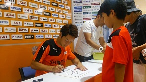 エスパルスの鎌田翔雅選手が7月18日(月祝)、エスパルスオフィシャルパートナーであるアピタ島田専門店会のイベント『清水エスパルス選手サイン会inアピタ島田』に参加しました。
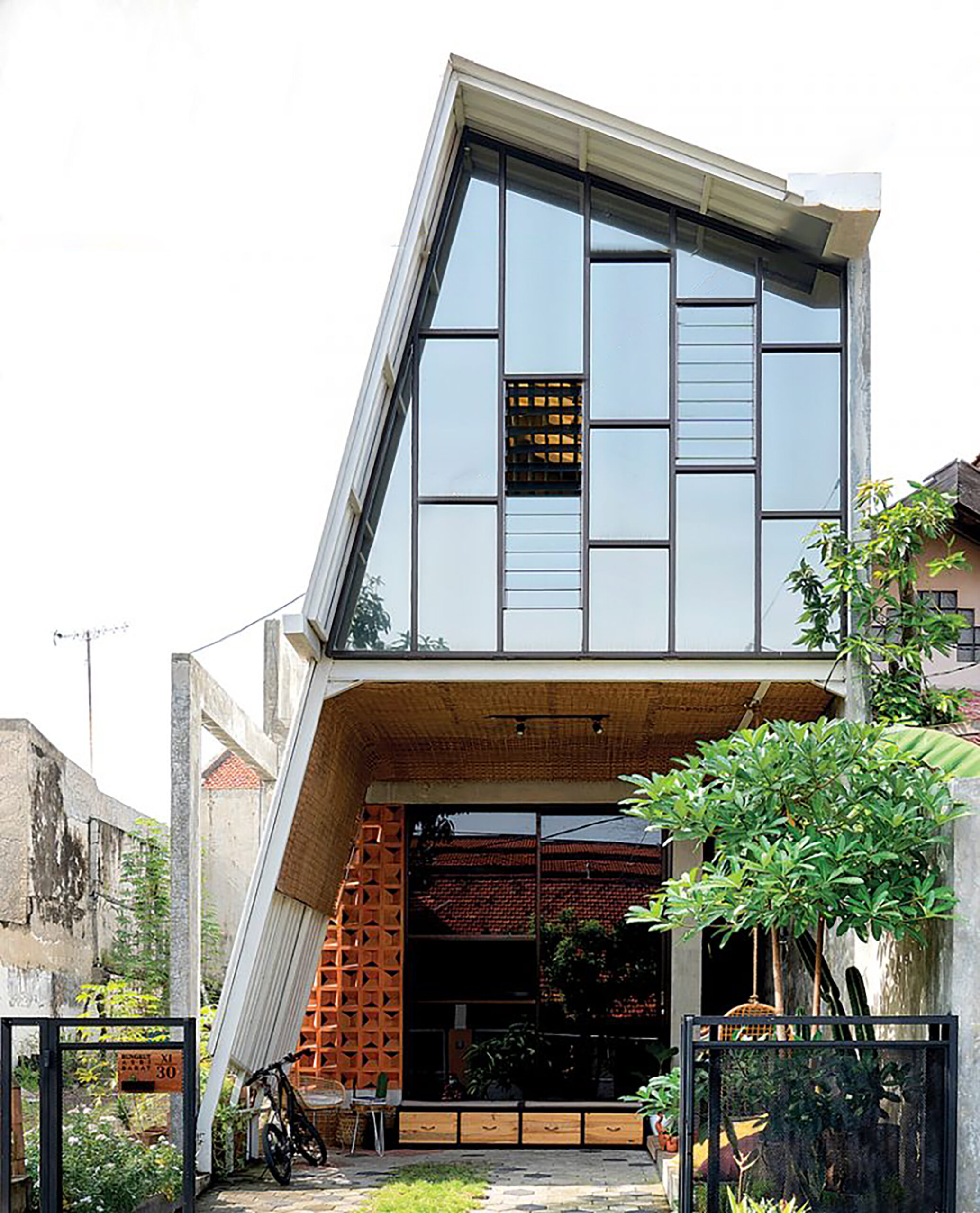 Fasad rumah ini menjadi poin pertama yang membuat orang menoleh. Bentuknya asimetris dengan salah satu sisi dibuat miring. Sejak awal, Azwar Efendy selaku arsitek prinsipal rumah tersebut ingin membuat sesuatu yang ikonik. Dengan bentuk fasad seperti itu, rumah tersebut terlihat berbeda dibandingkan rumah-rumah di sekitarnya meski bentuknya tidak lebar.
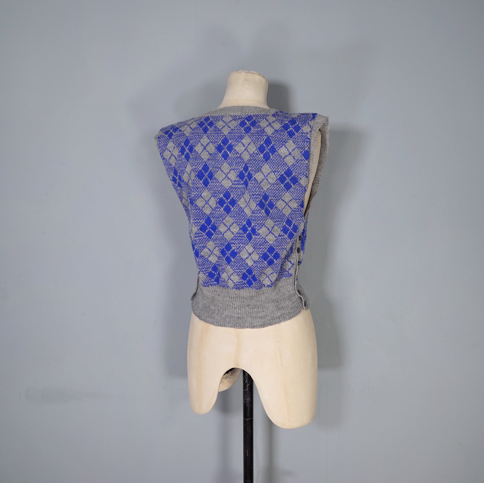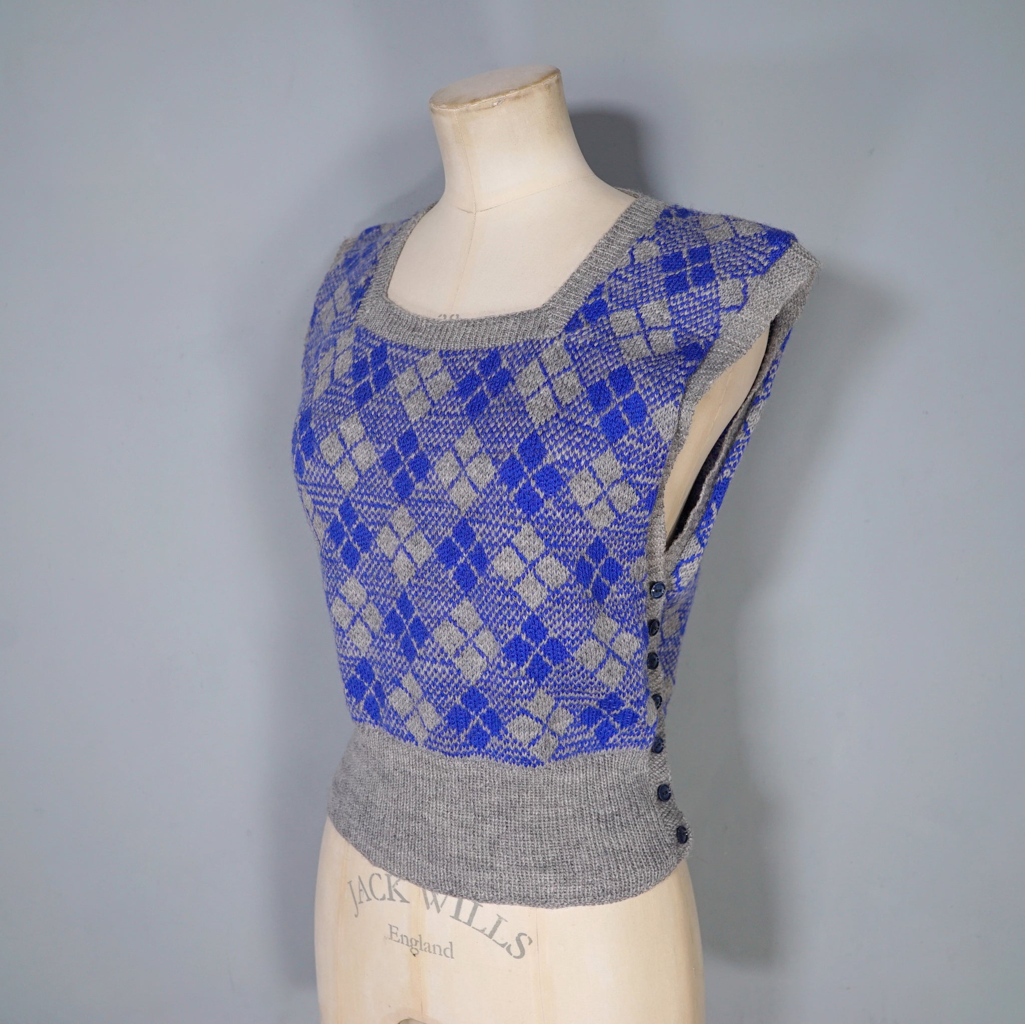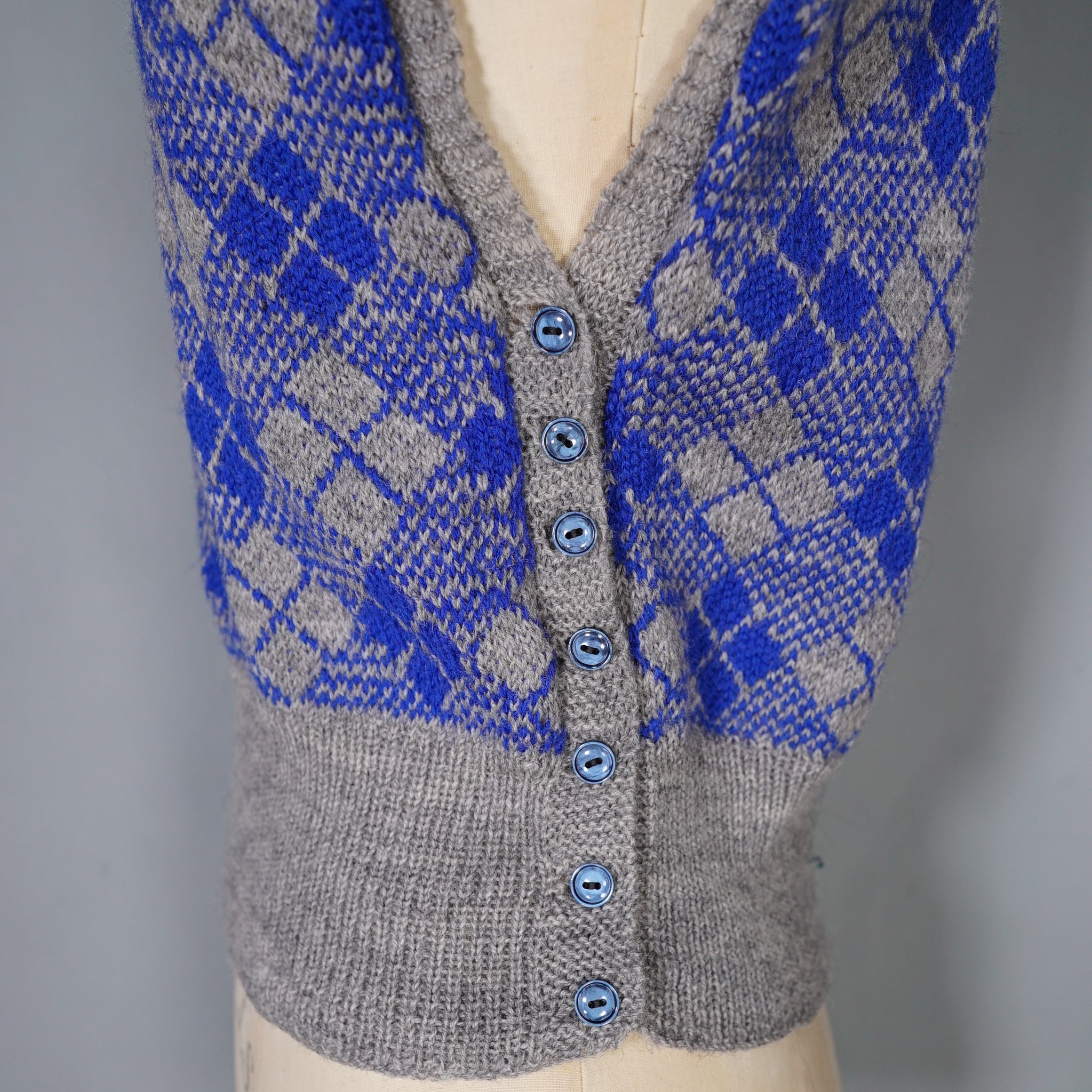 Absolutely so perfect grey and vivid blue soft fine wool handknit tank top in an argyle check. Square neck and sleeveless fit. Wide ribbed waistand. Side buttoning on both sides. No labels. Handknitted most likely from a vintage pattern, hard to know when it has been made, but the style is beautifully 40s, with small vintage buttons down the sides.
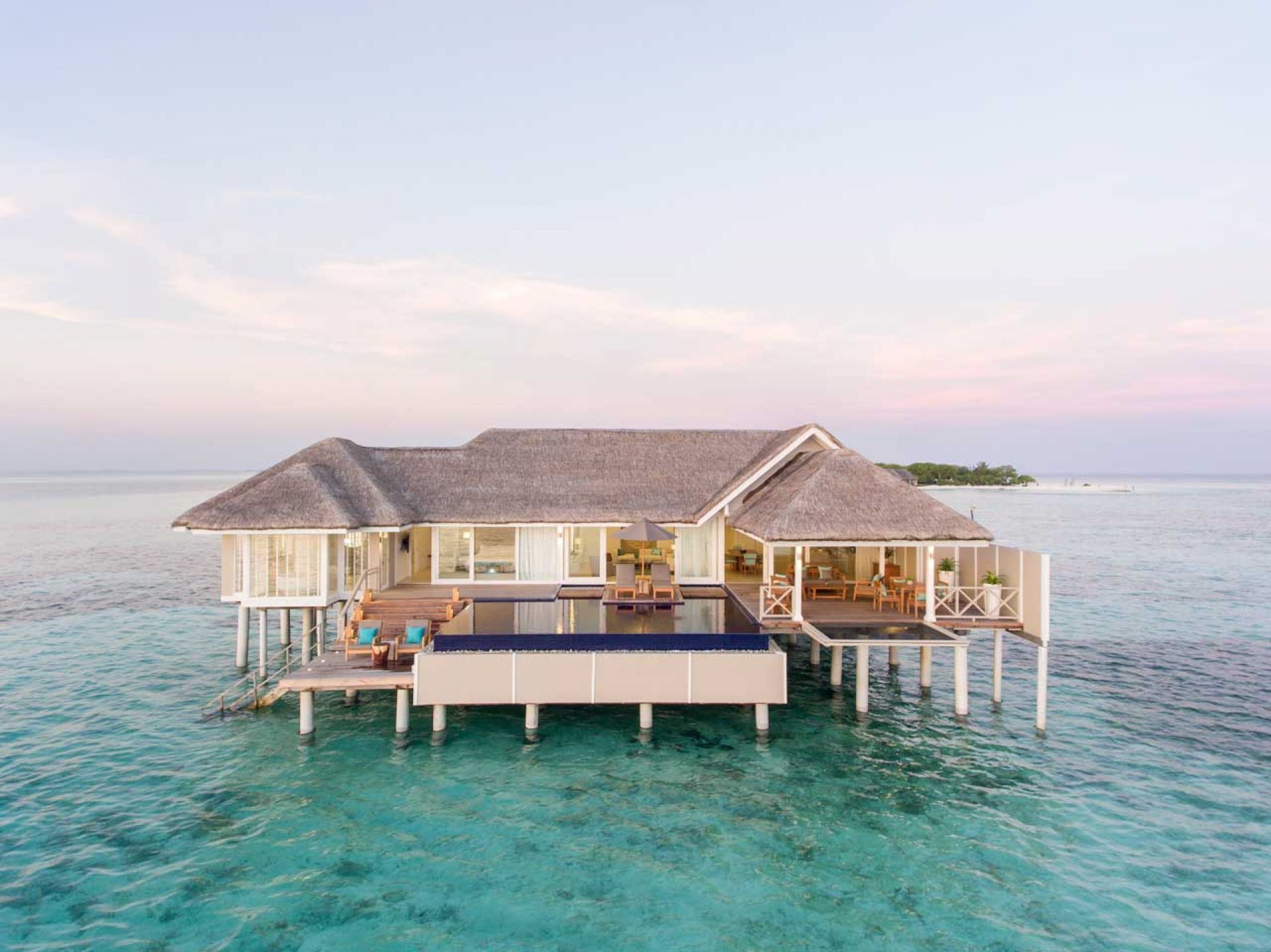 - 3 Temptation Pool Water Villa (220 кв.м.) - водни вили с басейн (14 м) с изглед към зората. Състои се от хол, спалня с кръгло легло, баня с отделна баня и душ, тераси с басейн, шезлонги, люлки, кът за сядане, кът за хранене и спускане във водата. Максимално настаняване - 2 възрастни + 1 дете (0-17 години).

◆ ◆ ◆ ◆ ◆

§ **TASK DIRECTIONS**:
The copy must match the listing above exactly but contain no pictures.

§ **RESULT BELOW**:
 エスパルスの鎌田翔雅選手が7月18日(月祝)、エスパルスオフィシャルパートナーであるアピタ島田専門店会のイベント『清水エスパルス選手サイン会inアピタ島田』に参加しました。
 Fasad rumah ini menjadi poin pertama yang membuat orang menoleh. Bentuknya asimetris dengan salah satu sisi dibuat miring. Sejak awal, Azwar Efendy selaku arsitek prinsipal rumah tersebut ingin membuat sesuatu yang ikonik. Dengan bentuk fasad seperti itu, rumah tersebut terlihat berbeda dibandingkan rumah-rumah di sekitarnya meski bentuknya tidak lebar.
 Absolutely so perfect grey and vivid blue soft fine wool handknit tank top in an argyle check. Square neck and sleeveless fit. Wide ribbed waistand. Side buttoning on both sides. No labels. Handknitted most likely from a vintage pattern, hard to know when it has been made, but the style is beautifully 40s, with small vintage buttons down the sides.
 - 3 Temptation Pool Water Villa (220 кв.м.) - водни вили с басейн (14 м) с изглед към зората. Състои се от хол, спалня с кръгло легло, баня с отделна баня и душ, тераси с басейн, шезлонги, люлки, кът за сядане, кът за хранене и спускане във водата. Максимално настаняване - 2 възрастни + 1 дете (0-17 години).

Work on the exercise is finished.